Yaqo a qualifié l’amendement proposé de régression pour les droits des femmes, portant atteinte à la dignité garantie par la loi iraquienne no 188 de 1959 sur le statut personnel. «Il s’agit d’un revers important», a-t-elle déclaré. «Au lieu de progresser, nous régressons. Légalement, le mariage est un contrat consensuel entre deux adultes compétents. Comment une fillette de 9 ans peut-elle être considérée comme capable de conclure un tel contrat?»

Elle a également fait référence à des sources jurisprudentielles. «L’école Ja’fari permet non seulement le mariage des filles de 9 ans, mais permet également les fiançailles infantiles et certaines pratiques sexuelles avec des mineurs, telles que les caresses», a-t-elle déclaré.

Défis constitutionnels et contradictions

Yaqo souligne les circonstances politiques complexes dans lesquelles la constitution iraquienne a été rédigée. 

«Malheureusement, des compromis ont abouti à l’article 41 de la Constitution iraquienne, qui dispose: «Les Iraquiens sont libres d’adhérer à leurs lois sur le statut personnel en fonction de leurs religions, sectes, croyances ou choix, qui doivent être réglementés par la loi.»

Elle a également noté que l'article 2 de la Constitution exigeait que les lois s'alignent sur les principes immuables de l'Islam. Toutefois, étant donné qu’il n’existe pas de consensus entre les sectes sunnites et chiites sur des questions telles que le mariage et le divorce, la décision no 147 de 2023 de la Cour suprême fédérale, qui définit les principes islamiques comme étant ceux convenus à l’unanimité dans toutes les sectes, rend inapplicable l’invocation de l’article 2.

Yaqo a fait valoir que la récente proposition d'amendement a été habilement conçue en se concentrant sur seulement deux articles. Toutefois, les modifier reviendrait à démanteler l'ensemble de la loi sur le statut personnel et à la remplacer par une jurisprudence sectaire.

La loi iraquienne sur le statut personnel est considérée comme l’une des plus progressistes de la région. Yaqo a félicité la Cour suprême fédérale d’avoir reconnu que l’article 41 exigeait une modification, en déclarant: «Cela signifie qu’il ne peut servir de base à une modification de la loi sur le statut personnel, étant donné qu’aucune loi ne peut être promulguée sans fondement constitutionnel».

Un droit civil unifié: Vision du patriarche Sako

Le patriarche chaldéen Louis Raphaël Sako a également abordé les amendements proposés.

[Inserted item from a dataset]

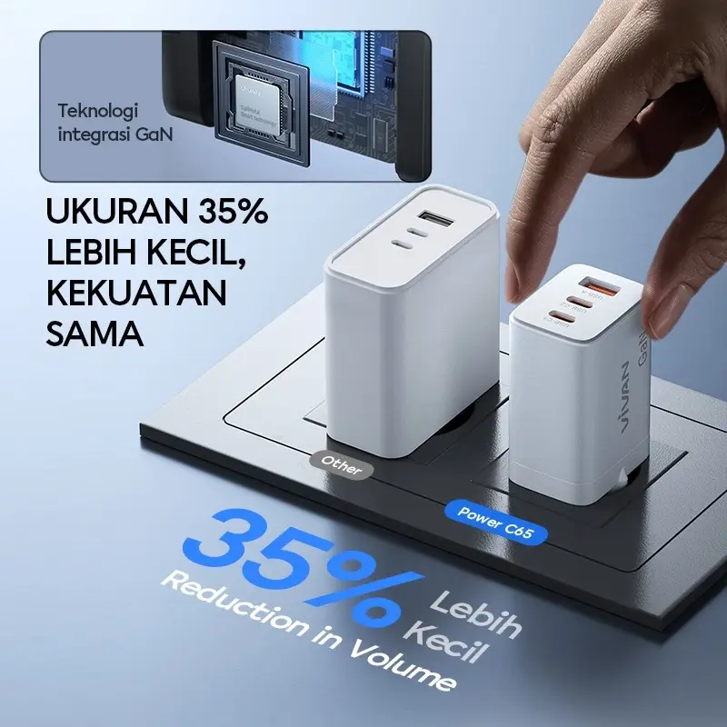 3. Menggunakan teknologi material GaN (Gallium Nitride) - semikonduktor generasi keempat terbaru yang mendukung kinerja charger agar dapat menahan suhu tinggi, lebih kuat serta mampu mengisi daya lebih cepat dan efisien.

Lors d’un précédent entretien avec une chaîne de télévision iraquienne, il a réitéré son appel en faveur d’une loi civile unifiée applicable à tous les citoyens, quelle que soit leur religion, à l’instar des pratiques des nations avancées. 

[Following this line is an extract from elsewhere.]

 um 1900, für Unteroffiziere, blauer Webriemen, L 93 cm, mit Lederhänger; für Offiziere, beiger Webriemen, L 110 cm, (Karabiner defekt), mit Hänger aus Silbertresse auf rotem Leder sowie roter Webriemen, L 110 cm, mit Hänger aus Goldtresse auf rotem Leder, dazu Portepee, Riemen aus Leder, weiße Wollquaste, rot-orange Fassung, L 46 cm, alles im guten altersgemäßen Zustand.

«La réalité d’aujourd’hui diffère de celle d’il y a des décennies», a-t-il déclaré. «Les femmes occupent désormais des postes de direction et occupent des postes élevés dans la société.»

Il a attiré l'attention sur les enseignements bibliques affirmant l'égalité et la complémentarité entre les hommes et les femmes, ajoutant: «Dans le christianisme, les lois successorales sont égales pour les hommes et les femmes. Nous ne considérons pas que les femmes manquent de raison ou de foi.» 

Il a également souligné que les églises irakiennes n'autorisaient pas le mariage avant l'âge de 18 ans.

En ce qui concerne le divorce, le patriarche a expliqué que dans le christianisme, le mariage n'est pas un contrat, mais une alliance éternelle. Des exceptions ne s’appliquent que lorsqu’un mariage est réputé nul en raison de «fondements inappropriés».

Cet article a été Publié à l'origine par ACI MENA, partenaire de presse arabe du CNA, et a été traduit et adapté par le CNA.